Vu du monde arabe. « Non, la France n'a pas mérité ça ! », par Hazem Saghieh, Al-Hayat (Londres, 10-01-15), Courrier international, 15/21-01-15. [ CITATIONS : « Les auteurs du crime contre la revue satirique Charlie Hebdo ont eu comme seules paroles, d’après ce qu’on en sait, les cris “Allahu Akbar” et l’affirmation qu’ils voulaient “venger le Prophète”. En revanche, des éditorialistes [arabes] et des militants des réseaux sociaux se sont efforcés de trouver des raisons auxquelles les criminels eux-mêmes n’auraient pas pensé et qui sont très loin de leur univers mental simpliste de terroristes. ///Cette ambiguïté, voire complaisance, dont ces éditorialistes font preuve face au crime s’explique par le sentiment que dans nos contrées le réflexe de faire l’unité [entre musulmans] prime les autres considérations. Alors qu’en un clin d’œil on voit les multiples guerres civiles qui déchirent le monde arabo-musulman, ce qui donne à cette “unité” un côté pathologique. Mettons de côté les accusations contre le sionisme, les mises à l’index de la France, des Etats-Unis et des puissances occultes, ainsi que les discours oiseux selon lesquels “eux-mêmes” [la France] l’ont cherché. » (...) « Certains Arabes disent que les caricaturistes se sont moqués de l’islam mais pas de l’Holocauste. Le fait est qu’il y a une différence profonde entre les deux. Selon les dessinateurs de ce journal et selon les lois de leur pays, on a le droit de heurter les sensibilités religieuses et d’attaquer les symboles du sacré. » (...) « C’est tout autre chose que de se moquer de drames humains récents, ayant fait des victimes dont des proches sont encore en vie. On peut se moquer de Moïse, mais pas de l’Holocauste. » (...) « D’autres veulent “que les Juifs dégustent un peu, eux aussi, des souffrances que nous subissons” !  /// Or les Juifs ont bien assez dégusté au cours des dizaines de siècles, bien plus que nous Arabes.

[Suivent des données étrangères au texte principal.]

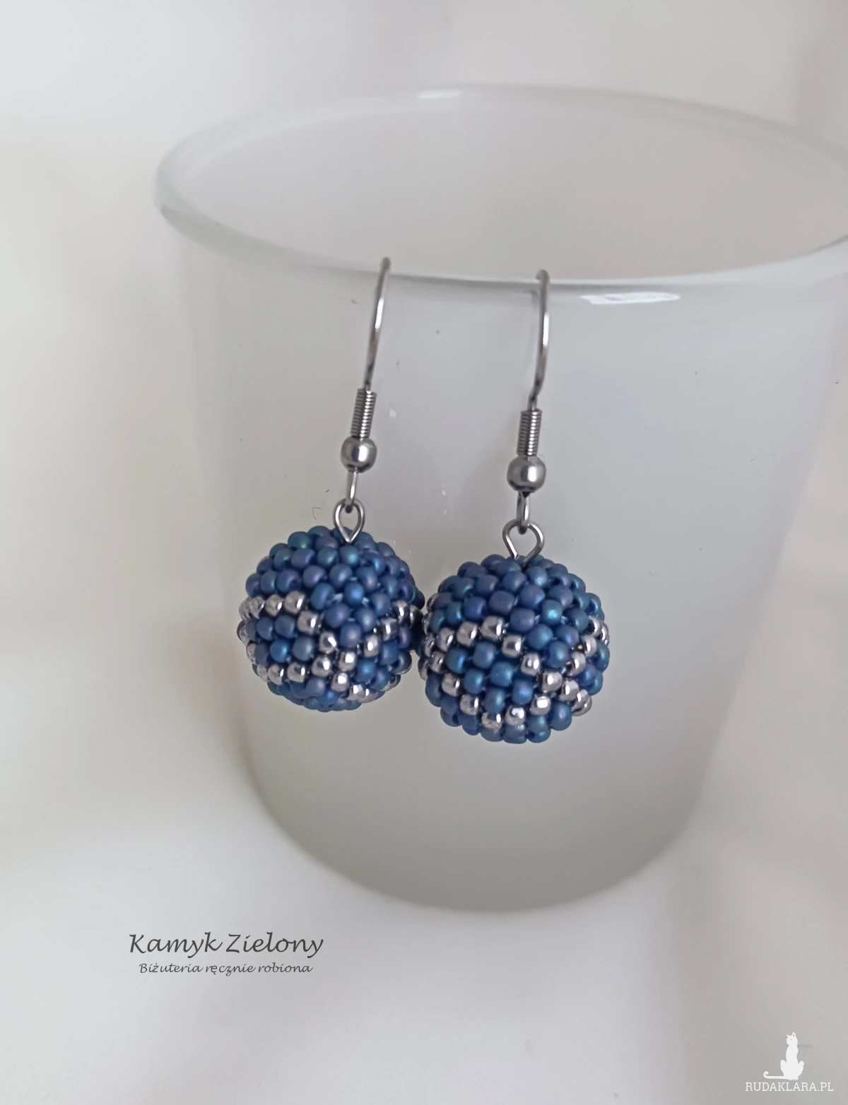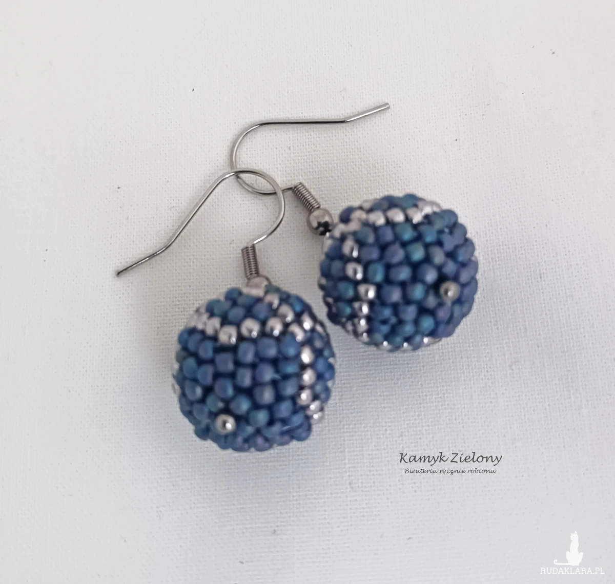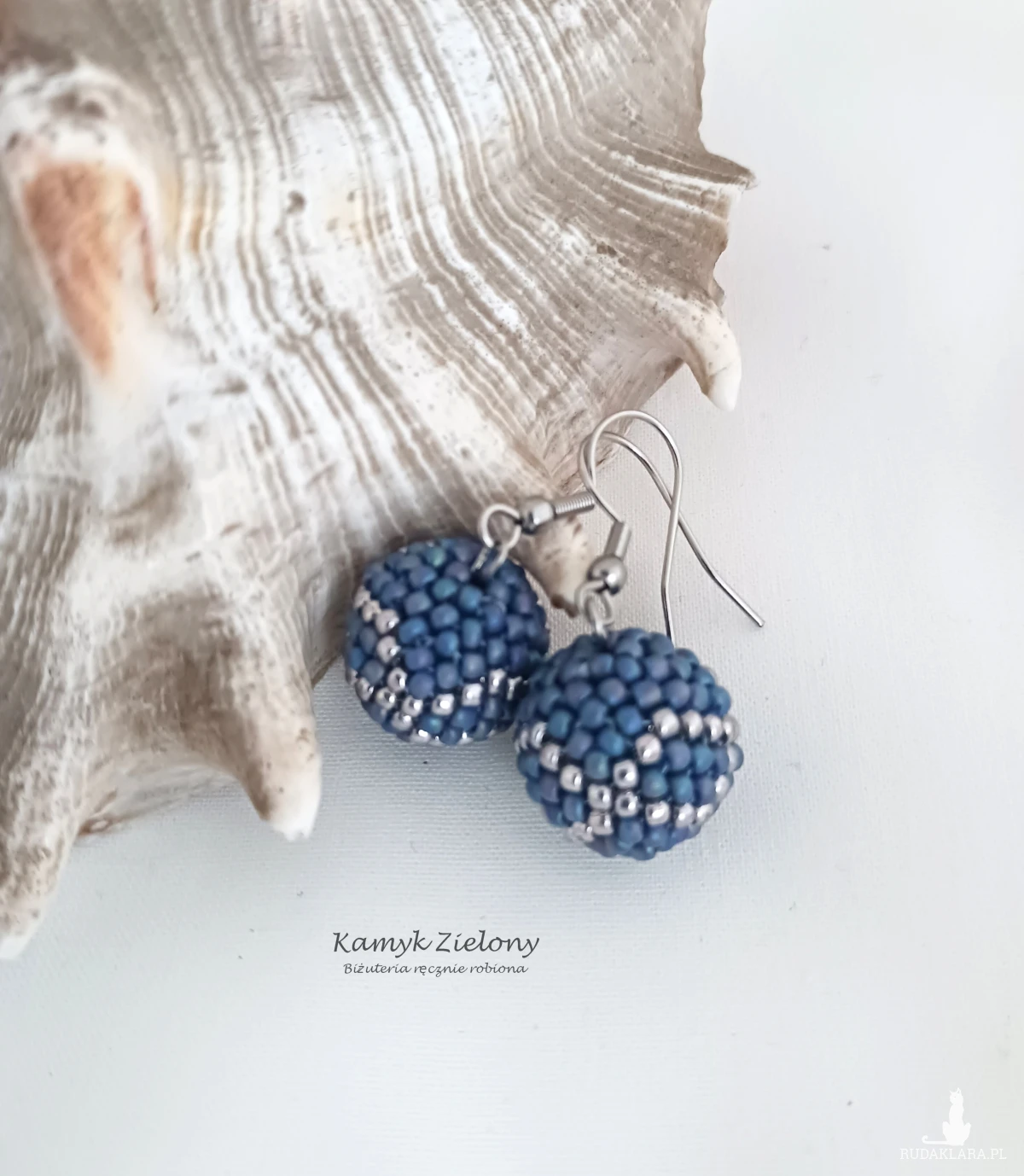 Wiszące kolczyki wykonane ręcznie z drobniutkich, szklanych koralików Toho w niebieskim kolorze o satynowym połysku oraz koralików w kolorze srebrnym, o niebieskawym odcieniu.
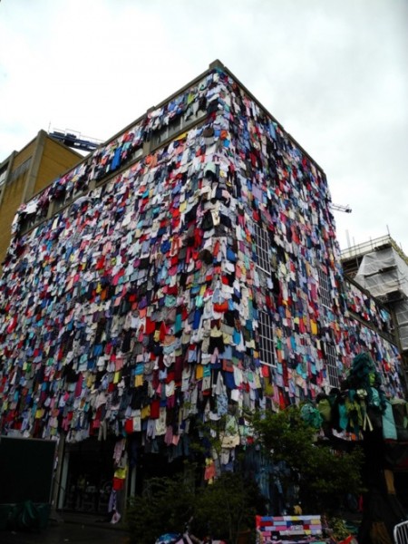 Para divulgar esta iniciativa, M&S, ha cubierto el exterior de su principal tienda, que tiene varios pisos, con 10.000 artículos donados, creando una llamativa y colorida imagen.
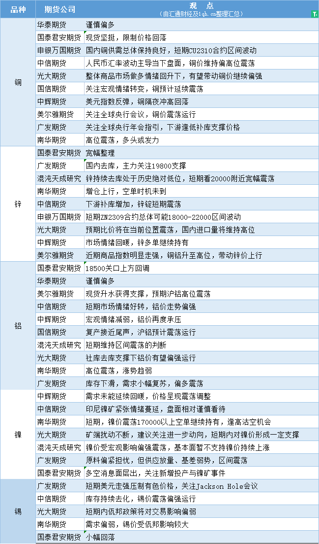 标题:期货公司观点汇总一张图:8月25日有色系(铜、锌、铝、镍、锡等)
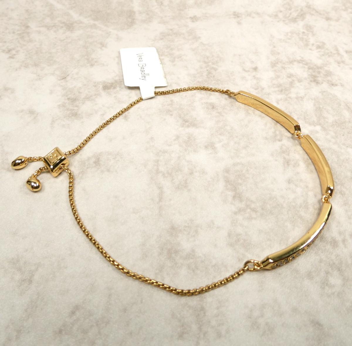 Vera Bradley Gold-Toned Metal Black Crystal Adjustable Bracelet - NEW
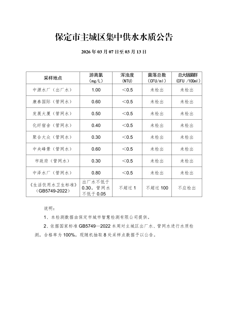 主城區(qū)集中供水水質(zhì)公告(03月07日至03月13日)
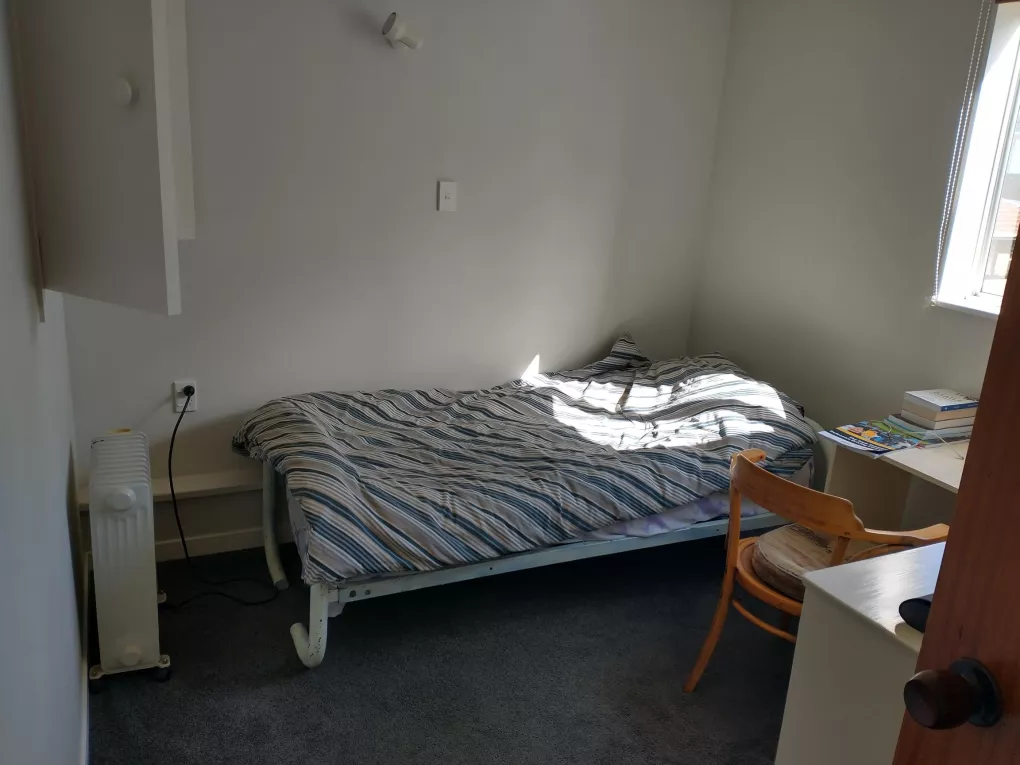 The room available is small but has a built-in wardrobe and can fit a double-bed. You can move into the room with the existing furniture if you like: 1 x single bed, 1 x desk + chair, 1 x chest of drawers.
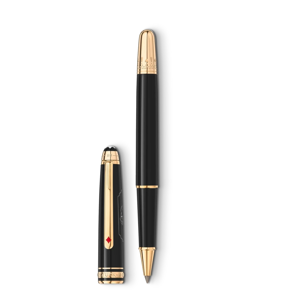 Die Kollektion Meisterstück Around the World in 80 Days ist vom berühmten Abenteuerroman von Jules Verne inspiriert. Der Classique Rollerball aus anthrazitfarbenem Edelharz greift die zweite Etappe der Reise von Bombay nach Yokohama auf. Die Hauptfiguren reisen in diesem Teil des Abenteuers auf einem majestätischen Elefanten, der in einer Kartusche auf der Kappe abgebildet ist. Der Clip ist mit einem rot lackierten Diamant-Kartensymbol verziert, und auf dem Konus sind ein Muster und Kartensymbole eingraviert, die Mr. Foggs Wette symbolisieren, die Reise in 80 Tagen zu schaffen. Auf der Kappe ist die Länge der Reise eingeprägt: 25 Tage von Bombay nach Yokohama und insgesamt 80 Tage.
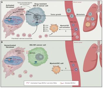 该研究发现,基质细胞和乳腺癌细胞利用旁分泌(paracrine)和近分泌(juxtacrine)信号来启动化疗和放疗的耐受性。在这种复杂的相互作用中,外泌体从基质细胞转移到乳腺癌细胞。外泌体中的RNA成分,大部分是非编码转录本和可转移元件,促进RIG-I受体的识别,从而激活STAT1依赖的抗病毒信号通路。与此同时,基质细胞也能激活乳腺癌细胞的NOTCH3。这种旁分泌的抗病毒作用和近分泌NOTCH3信号通路在STAT1汇合从而促进NOTCH3的转录反应和治疗耐受的肿瘤起始细胞的繁殖。原代人/鼠乳腺癌细胞分析支持抗病毒/NOTCH3信号在NOTCH信号通路和基质介导的耐受中的作用,这种作用能被γ分泌酶抑制剂废除。因此,基质细胞利用外泌体来介导抗病毒信号参与了一个错综复杂的与乳腺癌细胞的相互作用。这能够使乳腺癌耐受治疗并重新起始肿瘤的生长。
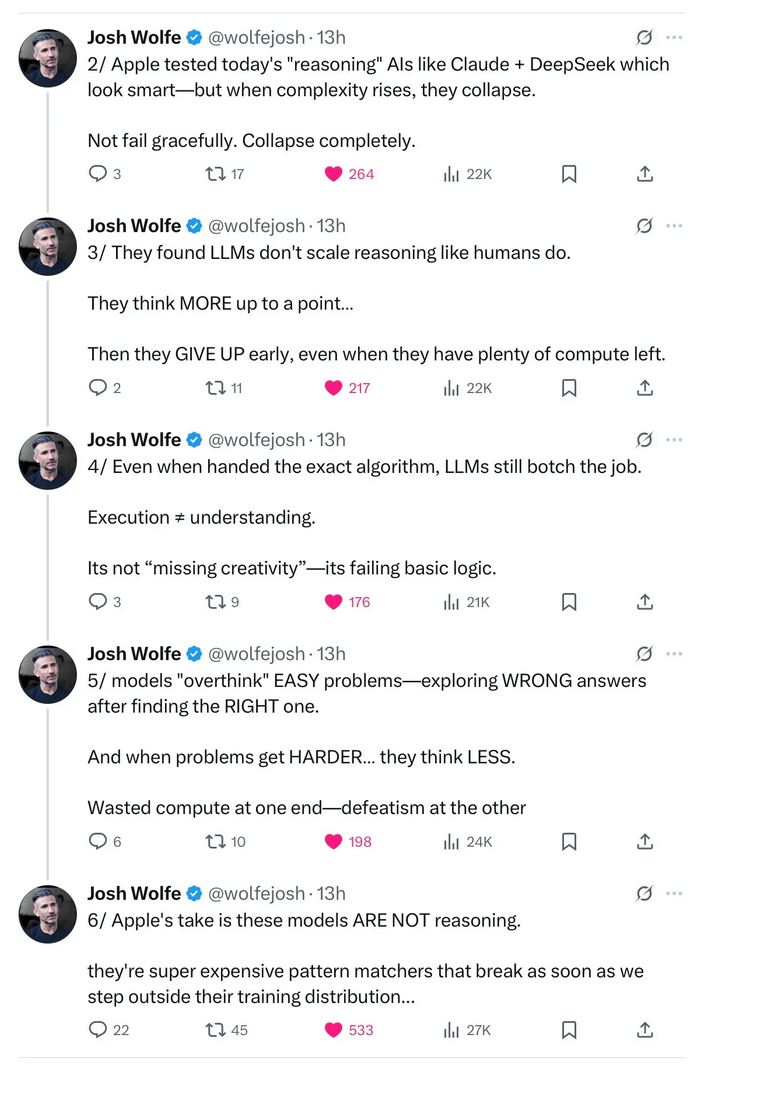 Fail at algorithmic tasks (e.g., Tower of Hanoi) |
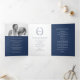 Navy blue monogram wreath story dedication wedding Tri-Fold programme
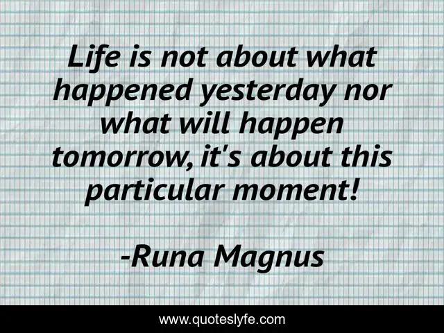 This page presents the quote "Life is not about what happened yesterday nor what will happen tomorrow, it's about this particular moment!". Author of this quote is Runa Magnus. This quote is about inspirational, mindfulness, life-changing, life-lessons, life-philosophy, enthusiasm, happiness, mindset,.
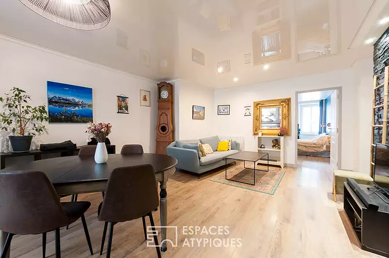 Niché au coeur d'un immeuble à la façade Art déco en plein centre d'Evian, cet appartement de 86 m², repensé avec soin en 2022, conjugue rénovation contemporaine et cachet de l'ancien dans une atmosphère apaisante. Dès l'entrée, le ton est donné : la pièce de vie baignée de lumière s'ouvre sur un volume surprenant, sublimé par un plafond en toile tendue blanche qui accentue les perspectives et invite à la contemplation. Une cuisine ouverte et parfaitement équipée prolonge la pièce de vie, donnant accès à deux espaces extérieurs : un balcon à l'abri des regards pour les petits-déjeuners paisibles, et une terrasse plein sud, idéale pour prolonger les soirées d'été. L'espace nuit dévoile deux chambres généreuses de 20 m² et 18 m², parquetées de bois clair, en parfaite harmonie avec l'ambiance douce et feutrée des lieux. L'une d'elles révèle une cheminée en pierre d'époque Louis XV, véritable clin d'oeil au passé et pièce maîtresse de cet écrin raffiné. Une salle de bains fonctionnelle avec coin buanderie ainsi qu'une cave complètent ce bien. L'appartement, entièrement rénové (menuiseries, isolation, agencements), s'inscrit dans une copropriété entretenue avec soin, dont la façade et la toiture ont été refaites en 2020. Situé à cinq minutes à pied du débarcadère et à dix minutes de la gare, cet appartement séduit par son emplacement privilégié en plein centre-ville. Une double entrée côté commerces et côté sources en fait un lieu de vie aussi pratique qu'agréable. Ce bien rare offre une alliance subtile de caractère, de confort et de singularité. Soumis au statut de la copropriété : 6 lots dont 3 lots d'habitation. Pas de procédure en cours. CLASSE ENERGIE : C / CLASSE CLIMAT : A Montant moyen estimé des dépenses annuelles d'énergie pour un usage standard, établi à partir des prix de l'énergie indexés sur les années 2021, 2022, 2023 : entre 770 à 1.070 euros. Les informations sur les risques auxquels ce bien est exposé sont disponibles sur le site Géorisques : www.georisques.gouv.fr Contact : Karine 06.14.98.51.52 Copropriété de 6 lots - dont 3 lots habitation. (Pas de procédure en cours). Charges annuelles : 800 euros. Karine ZEGRIR (EI) Agent Commercial - Numéro RSAC : 912 532 421 - THONON LES BAINS.
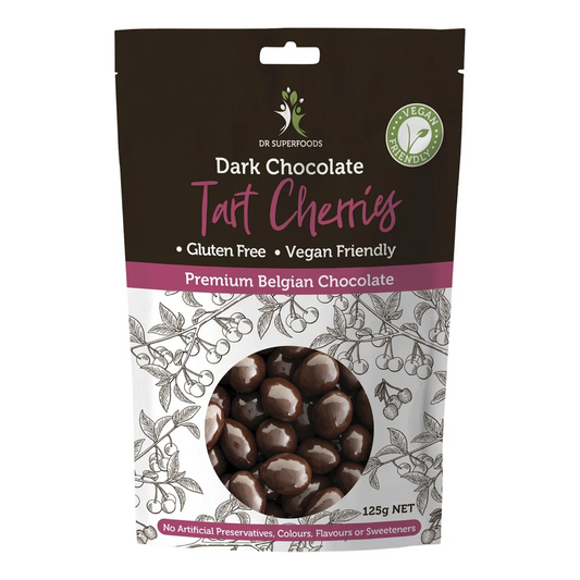 Dr Superfoods Dark Chocolate Coated Tart Cherries 125g, Premium Belgian Chocolate

Personne, pas même les racistes parmi les Juifs, ne dit que les Arabes devraient subir la même chose. Certes, l’islamophobie existe dans les pays occidentaux. Mais il ne faut pas oublier que ces pays sont les seuls qui débattent de ce phénomène, l’analysent et le condamnent. C’est probablement la frustration que nous ressentons depuis [l’échec] des révolutions, échec qui nous prive de la liberté qui nous aurait permis, à nous aussi, de débattre de ces phénomènes, de les analyser et de les condamner. »]

.......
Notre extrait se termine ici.